Tim Barry
Timothy Francis Barry has written for the Boston Globe, New Musical Express, Aesthetica Magazine, artcritical and artsfuse.org. His first column was under the editorship of Byron Coley at Take-It Magazine. Summers he operates Tim's Used Books in Provincetown, Mass., which book critic David L. Ulin, called his "favorite bookstore in America." (Los Angeles Times, 8-29-13) He lives in New York.
It starts with a murmur. Morphs, grows, extends, searches, unfolds. Doesn’t become a statement. Then, a scream, shock-corridor, cover your eyes, say it isn’t so. There’s no going back.
There’s a new art form in town.
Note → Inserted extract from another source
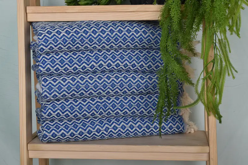 Fiber composition includes organic cotton and linen, characterized by high absorbency and durability. The dimensions are 36x18 inches with a weight of 120 grams. Variations of 1-2.5 cm in size and weight are expected due to hand-weaving.

After the “End of Painting” and its rebirth, the rise and fall of minimalism, the up and down lifecycle of performance and multimedia art, newly coined movements and -isms now whiz by with dizzying speed.
But like that broken-nosed woman on the subway wearing one blue shoe and one black shoe, you can’t shake the image.
A forgotten 19th-century poet, the sad-sack hack writer, James Thomson, struggled against the grave until the age of forty-seven, eking out a living in a presumably squalid East London garret, writing copy for whatever miserable periodical would underwrite his diet of warm gin, fish and finger pies, and no dessert.